Start of Data supplied

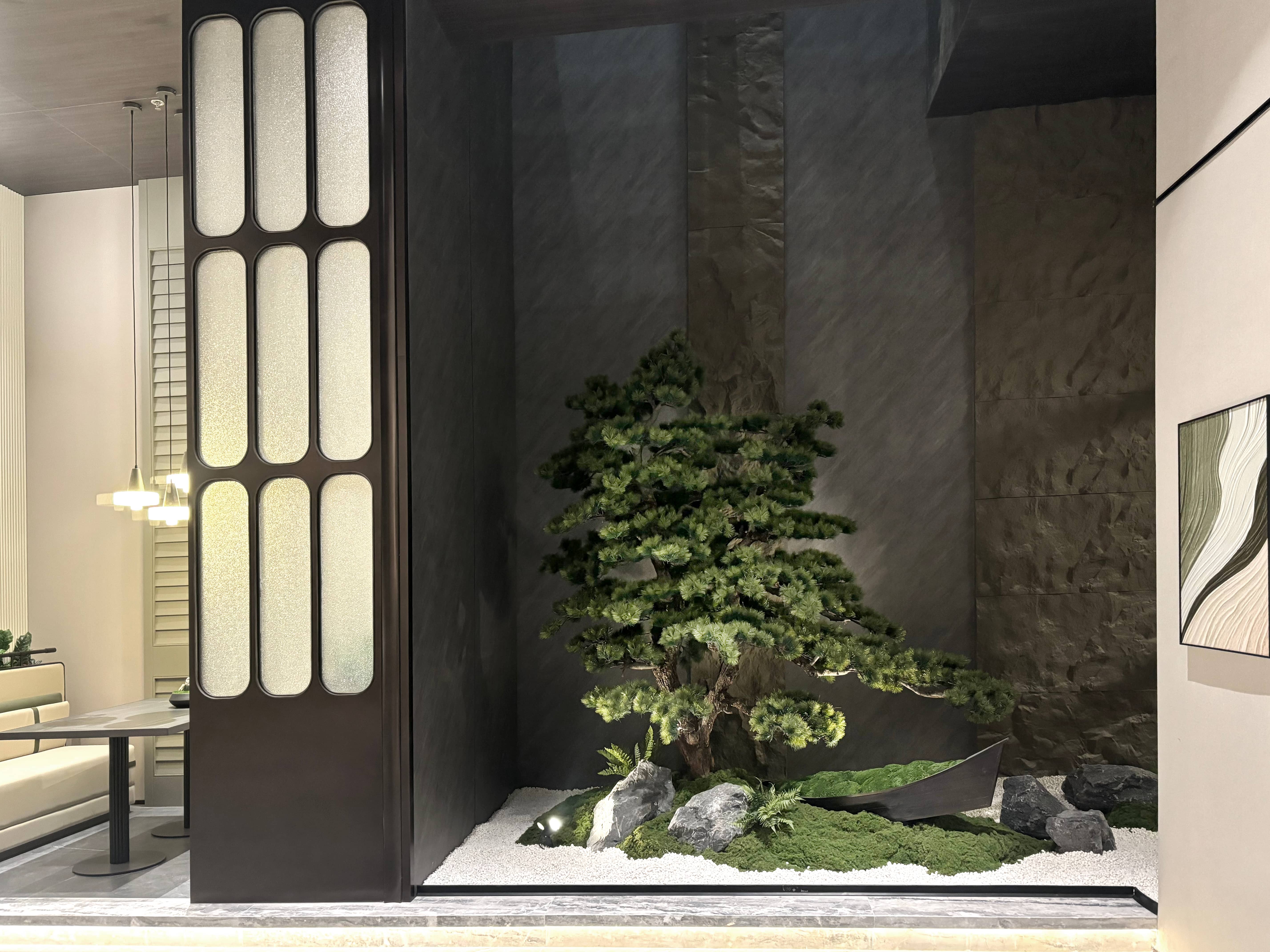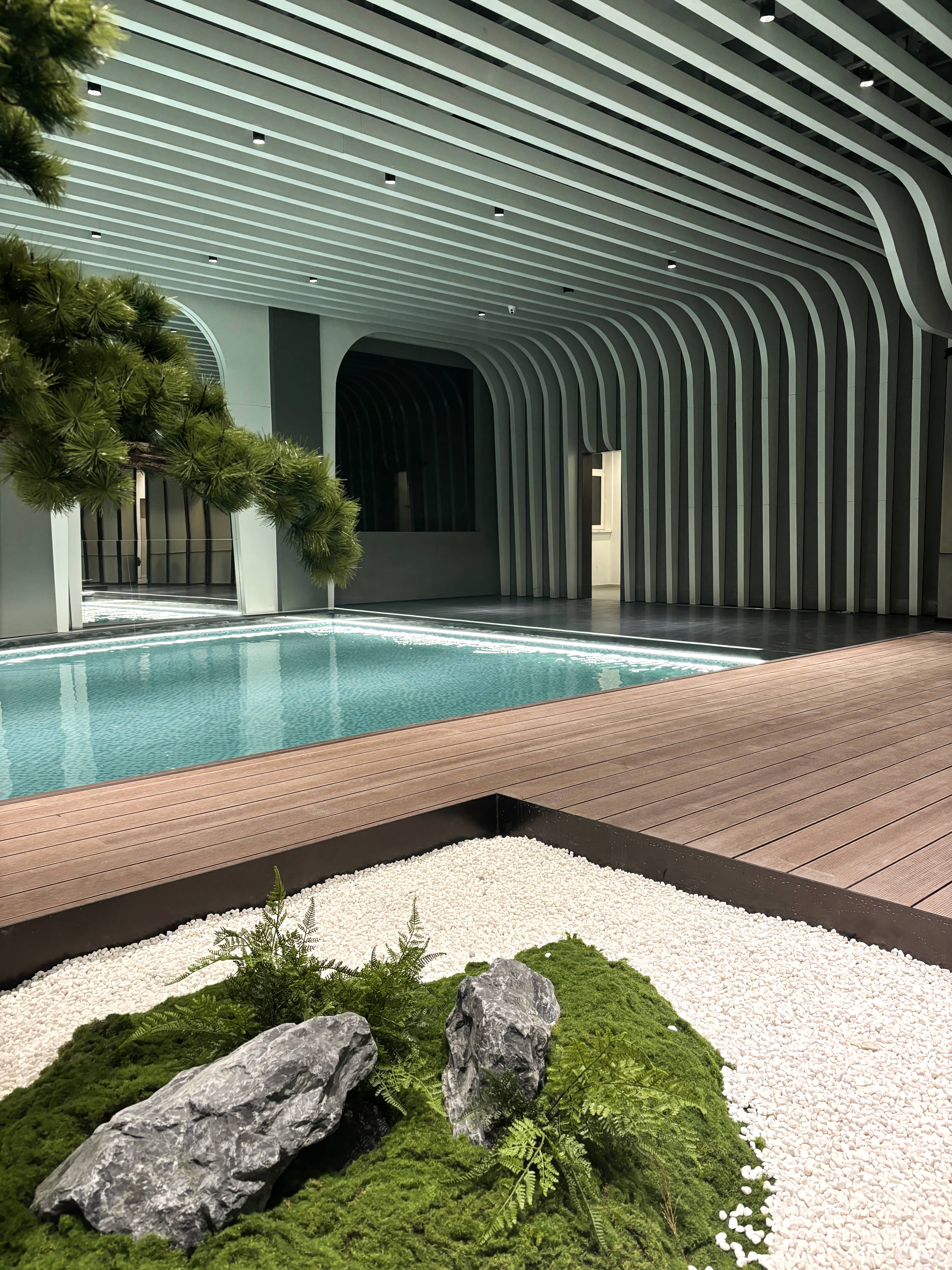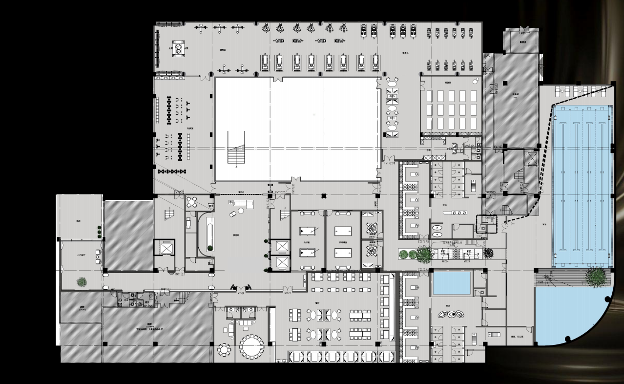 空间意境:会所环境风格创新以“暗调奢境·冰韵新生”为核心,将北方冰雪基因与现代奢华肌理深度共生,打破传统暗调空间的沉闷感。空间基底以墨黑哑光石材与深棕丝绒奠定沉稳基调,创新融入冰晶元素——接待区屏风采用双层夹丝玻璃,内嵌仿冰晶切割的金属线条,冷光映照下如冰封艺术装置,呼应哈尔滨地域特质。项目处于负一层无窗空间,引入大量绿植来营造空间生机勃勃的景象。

End of Data supplied
Start of Data supplied

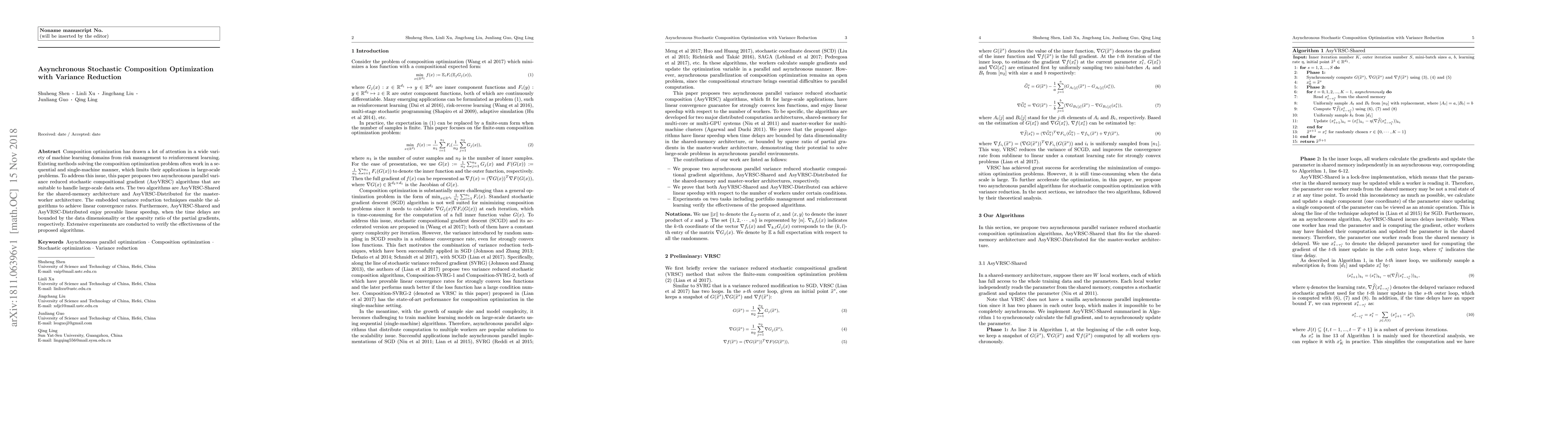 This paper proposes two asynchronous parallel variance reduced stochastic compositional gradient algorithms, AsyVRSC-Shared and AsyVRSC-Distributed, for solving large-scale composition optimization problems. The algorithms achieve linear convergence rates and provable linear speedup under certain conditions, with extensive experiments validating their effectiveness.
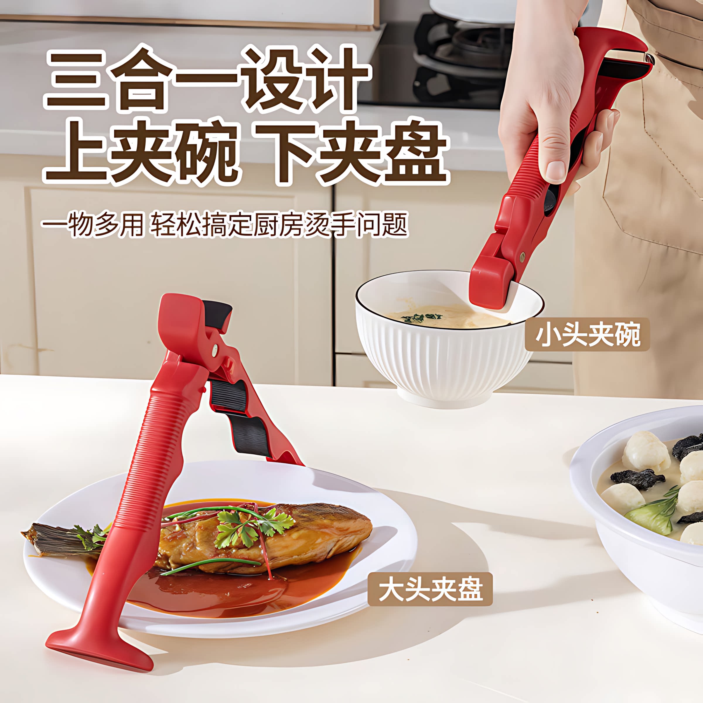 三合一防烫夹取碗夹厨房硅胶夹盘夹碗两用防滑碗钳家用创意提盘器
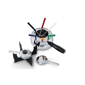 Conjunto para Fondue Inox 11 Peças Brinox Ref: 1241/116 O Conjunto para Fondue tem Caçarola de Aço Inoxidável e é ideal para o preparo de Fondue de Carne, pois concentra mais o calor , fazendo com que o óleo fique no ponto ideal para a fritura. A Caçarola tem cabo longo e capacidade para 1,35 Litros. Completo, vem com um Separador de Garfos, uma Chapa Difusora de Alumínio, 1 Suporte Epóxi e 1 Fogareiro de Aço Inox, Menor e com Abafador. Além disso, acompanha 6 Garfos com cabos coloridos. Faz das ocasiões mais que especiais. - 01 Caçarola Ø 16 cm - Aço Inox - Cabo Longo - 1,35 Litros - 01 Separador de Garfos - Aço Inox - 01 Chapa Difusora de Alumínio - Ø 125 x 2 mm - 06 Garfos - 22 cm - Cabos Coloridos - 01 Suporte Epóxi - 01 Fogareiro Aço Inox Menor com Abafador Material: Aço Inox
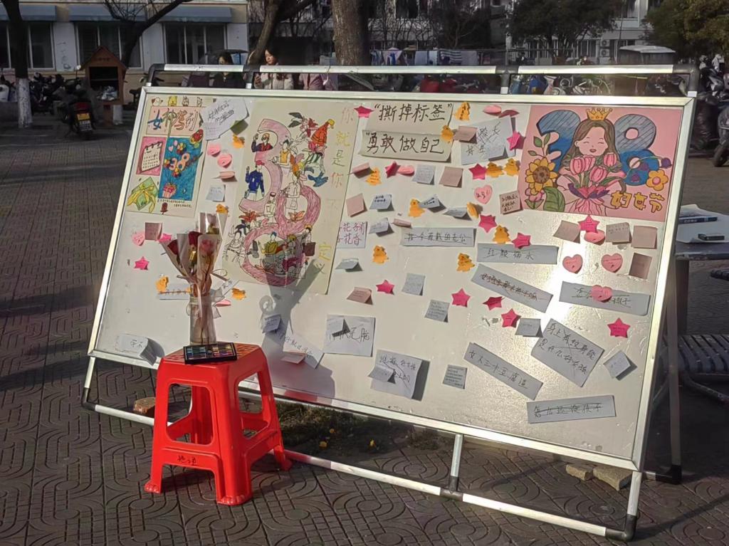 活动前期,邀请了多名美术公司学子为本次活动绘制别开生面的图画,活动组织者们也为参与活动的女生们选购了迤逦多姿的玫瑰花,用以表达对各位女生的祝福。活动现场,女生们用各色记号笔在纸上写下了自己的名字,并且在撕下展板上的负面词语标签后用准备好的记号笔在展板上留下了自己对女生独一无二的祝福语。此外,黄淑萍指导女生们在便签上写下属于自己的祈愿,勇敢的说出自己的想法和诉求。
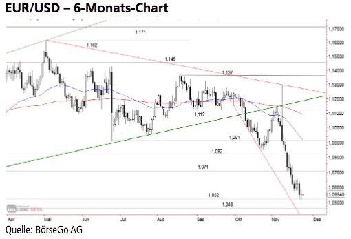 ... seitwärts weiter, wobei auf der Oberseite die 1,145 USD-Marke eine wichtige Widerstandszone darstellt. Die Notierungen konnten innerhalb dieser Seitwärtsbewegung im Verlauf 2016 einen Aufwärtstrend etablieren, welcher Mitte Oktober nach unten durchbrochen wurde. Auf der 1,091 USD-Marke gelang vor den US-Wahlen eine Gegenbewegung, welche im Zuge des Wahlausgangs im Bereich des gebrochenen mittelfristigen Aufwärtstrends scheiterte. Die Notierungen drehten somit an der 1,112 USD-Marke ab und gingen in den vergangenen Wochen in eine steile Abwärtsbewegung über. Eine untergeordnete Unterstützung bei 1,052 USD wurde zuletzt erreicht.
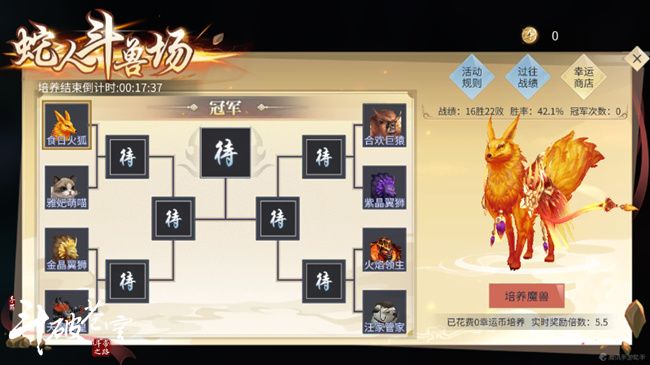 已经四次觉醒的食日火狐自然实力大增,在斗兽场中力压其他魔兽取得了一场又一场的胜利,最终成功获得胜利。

End of Data supplied
Start of Data supplied

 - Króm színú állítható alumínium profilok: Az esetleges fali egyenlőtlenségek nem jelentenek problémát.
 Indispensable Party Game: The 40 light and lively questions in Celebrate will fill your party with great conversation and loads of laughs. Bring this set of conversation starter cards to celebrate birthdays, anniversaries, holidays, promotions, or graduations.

End of Data supplied

• [Goal of the exercise] In the data above, the stretch from the line with "wurde zuletzt erreicht." through the line with "已经四次觉醒的食日火狐自然实" is to be returned exactly, minus any pictures.

• [Expected answer]
 ... seitwärts weiter, wobei auf der Oberseite die 1,145 USD-Marke eine wichtige Widerstandszone darstellt. Die Notierungen konnten innerhalb dieser Seitwärtsbewegung im Verlauf 2016 einen Aufwärtstrend etablieren, welcher Mitte Oktober nach unten durchbrochen wurde. Auf der 1,091 USD-Marke gelang vor den US-Wahlen eine Gegenbewegung, welche im Zuge des Wahlausgangs im Bereich des gebrochenen mittelfristigen Aufwärtstrends scheiterte. Die Notierungen drehten somit an der 1,112 USD-Marke ab und gingen in den vergangenen Wochen in eine steile Abwärtsbewegung über. Eine untergeordnete Unterstützung bei 1,052 USD wurde zuletzt erreicht.
 已经四次觉醒的食日火狐自然实力大增,在斗兽场中力压其他魔兽取得了一场又一场的胜利,最终成功获得胜利。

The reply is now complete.